What to produce
Pull out the lines from the one containing "Die Innenseite und" through the final line of the listing below and repeat them exactly. Leave the pictures behind.

Data below
# # # #
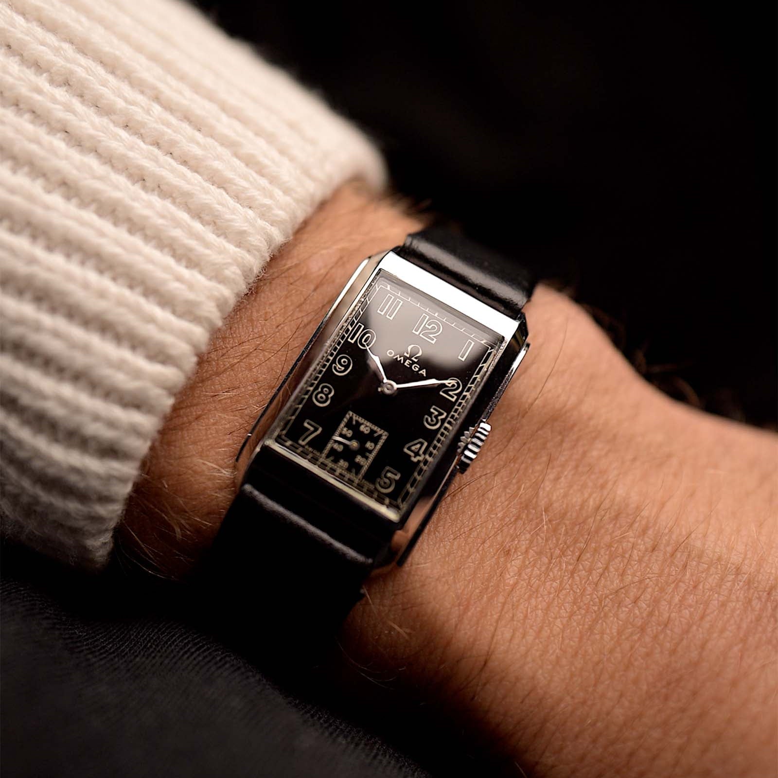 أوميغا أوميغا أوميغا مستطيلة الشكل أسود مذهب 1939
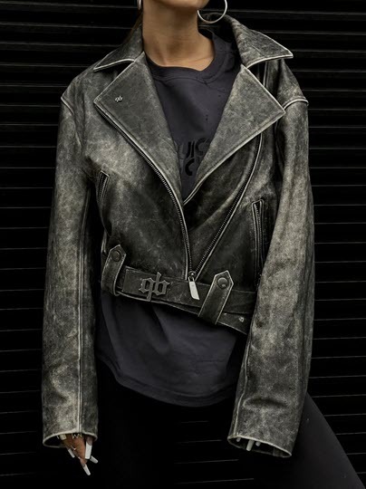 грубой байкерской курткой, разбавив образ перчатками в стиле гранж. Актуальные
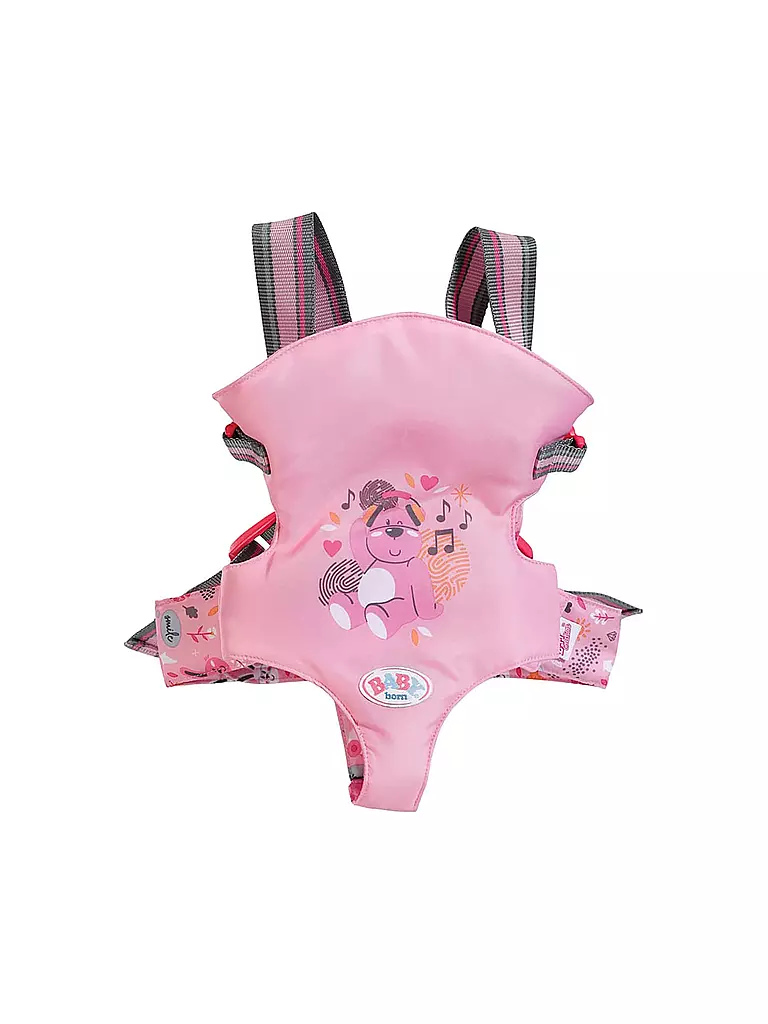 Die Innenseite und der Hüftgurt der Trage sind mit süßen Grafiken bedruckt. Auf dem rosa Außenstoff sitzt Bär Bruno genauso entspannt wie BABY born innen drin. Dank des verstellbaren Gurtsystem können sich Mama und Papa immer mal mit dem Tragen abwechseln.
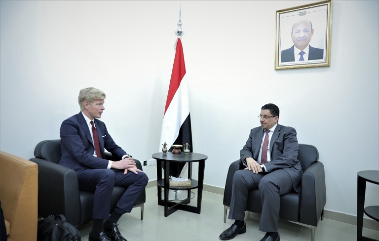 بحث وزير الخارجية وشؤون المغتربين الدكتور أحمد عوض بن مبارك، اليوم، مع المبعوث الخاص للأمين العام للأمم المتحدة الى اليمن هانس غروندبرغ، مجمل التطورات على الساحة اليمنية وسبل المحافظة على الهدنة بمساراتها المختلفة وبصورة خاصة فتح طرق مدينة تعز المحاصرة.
# # # #
Solution for this exercise
 Die Innenseite und der Hüftgurt der Trage sind mit süßen Grafiken bedruckt. Auf dem rosa Außenstoff sitzt Bär Bruno genauso entspannt wie BABY born innen drin. Dank des verstellbaren Gurtsystem können sich Mama und Papa immer mal mit dem Tragen abwechseln.
 بحث وزير الخارجية وشؤون المغتربين الدكتور أحمد عوض بن مبارك، اليوم، مع المبعوث الخاص للأمين العام للأمم المتحدة الى اليمن هانس غروندبرغ، مجمل التطورات على الساحة اليمنية وسبل المحافظة على الهدنة بمساراتها المختلفة وبصورة خاصة فتح طرق مدينة تعز المحاصرة.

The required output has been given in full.